Thursday, September 5, 2013

Treating Environments Like Code Checkouts

In our business, the term "environment" is rather overloaded. It's used in so many contexts that just defining what an environment is can be challenging. Let's try to feel out the shape...

We are in business providing some sort of service. We write software to implement pieces of the service we're offering. This software needs to run someplace. That someplace is the environment.

In traditional shrink wrap software, the environment was often the user's desktop, or the enterprise's data center. The challenge then was to make our software be as robust as possible in hostile environments over which we had little control.

The next step on the evolutionary ladder was the appliance. Something we could control to some extent, but it still ends up sitting on a location and in a network outside our control.

The final step is software as a service, where we control all aspects of the hosts running our applications.

From a build and release perspective, what matters is what we can control. So it makes sense to define an environment as a set of hardware and software assembled for the purpose of running our applications and services.

A typical environment for a web service might look like the diagram on the right.

So an environment is essentially:

       Hardware
          OS
   Third Party Tools
       Our Apps
+ Configuration
====================
      Environment

When we develop new versions of our software, we would like to test it someplace before we inflict it on paying customers.
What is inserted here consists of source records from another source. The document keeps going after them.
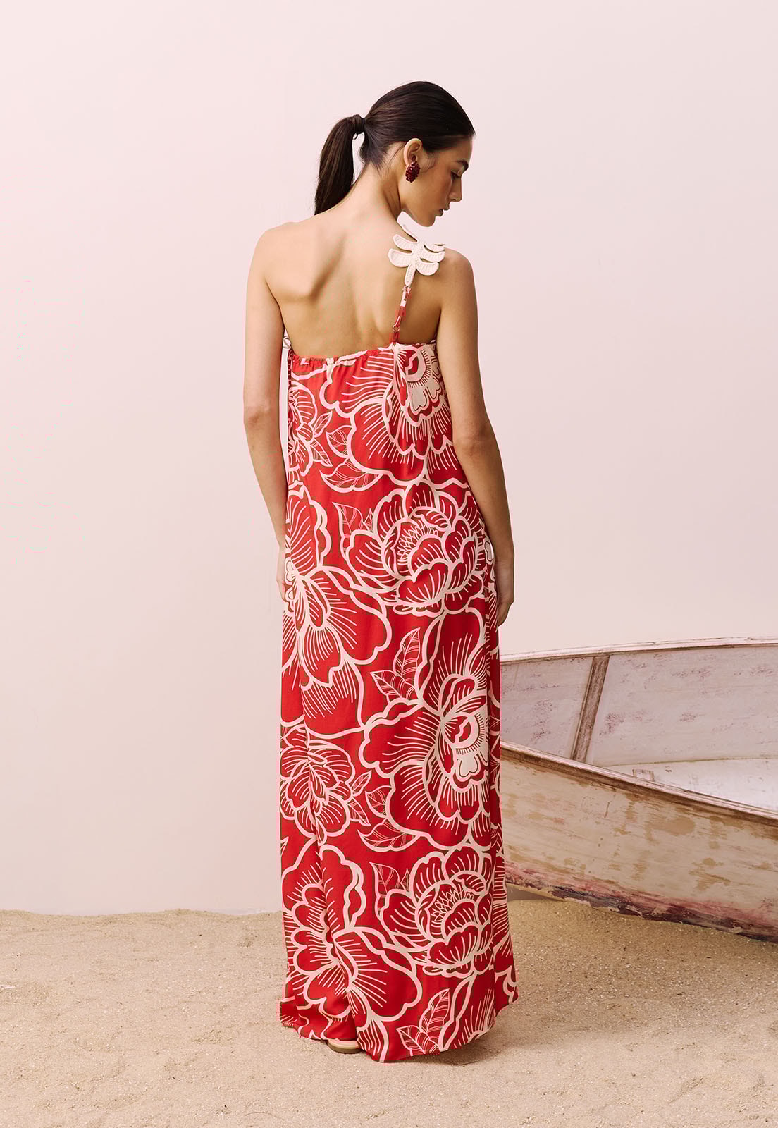 O Vestido Longo Estampado Cambará é a união perfeita entre elegância natural e conforto. Confeccionado em tecido Rayon com composição 100% viscose, ele possui caimento leve e toque suave, ideal para os dias mais quentes. Seu design de um ombro só com alça ajustável garante um visual moderno e feminino, enquanto a estampa floral em tons de vermelho e branco transmite frescor e autenticidade. O detalhe da flor aplicada na alça adiciona um charme artesanal à peça.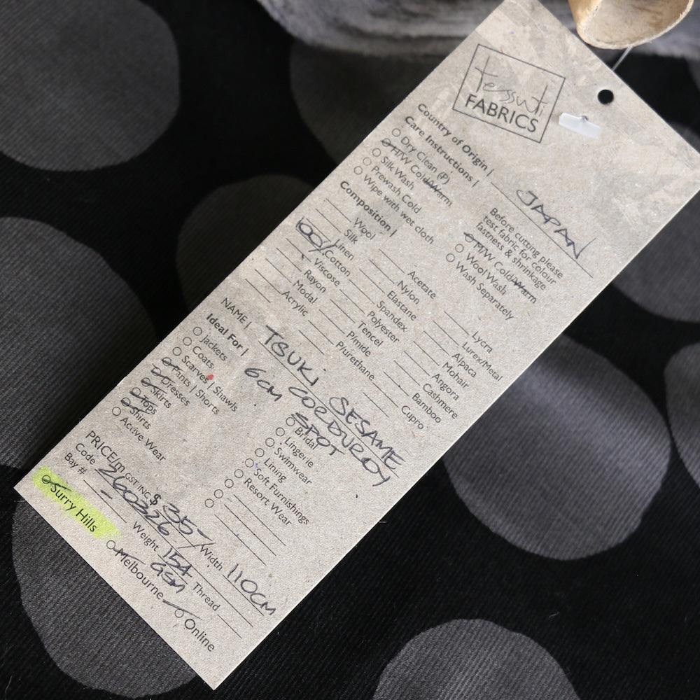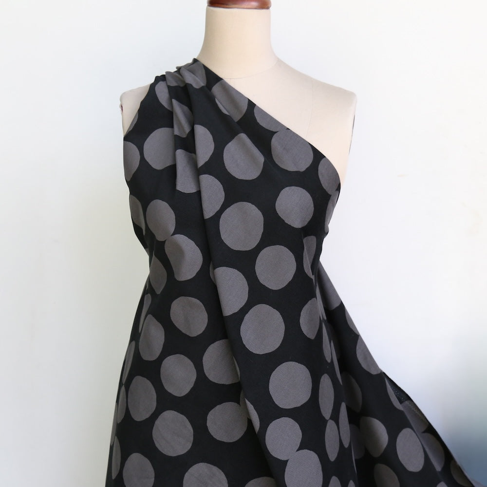 Japanese black/grey 6cm spot printed 100% cotton corduroy
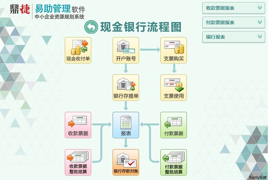 ► 提供各类票据结算工具,收/付款票据可由应收/应付系统串联产生,也可在票据系统自行录入后,由应收/应付的前置单据挑选匹配。

One way to do that is the create environments in which the new version can be deployed and tested.

A big concern is how faithfully our testing environment will emulate the actual production environment. In practice, the answer varies wildly.

In the shrink wrap world, it is common to maintain a whole bank of machines and environments, hopefully replicating the majority of the setups used by our customers.

In the software as a service world, the issue is how well we can emulate our own production environment. For large scale popular services, this can be very expensive to do. There are also issues around replicating the data. Often, regulatory requirements and even common sense security requirements preclude making a direct copy of personally identifiable data.

This being said, modern virtualization and volume management addresses many of the issues encountered when attempting to duplicate environments. It's still not easy, but it is a lot easier than it used to be.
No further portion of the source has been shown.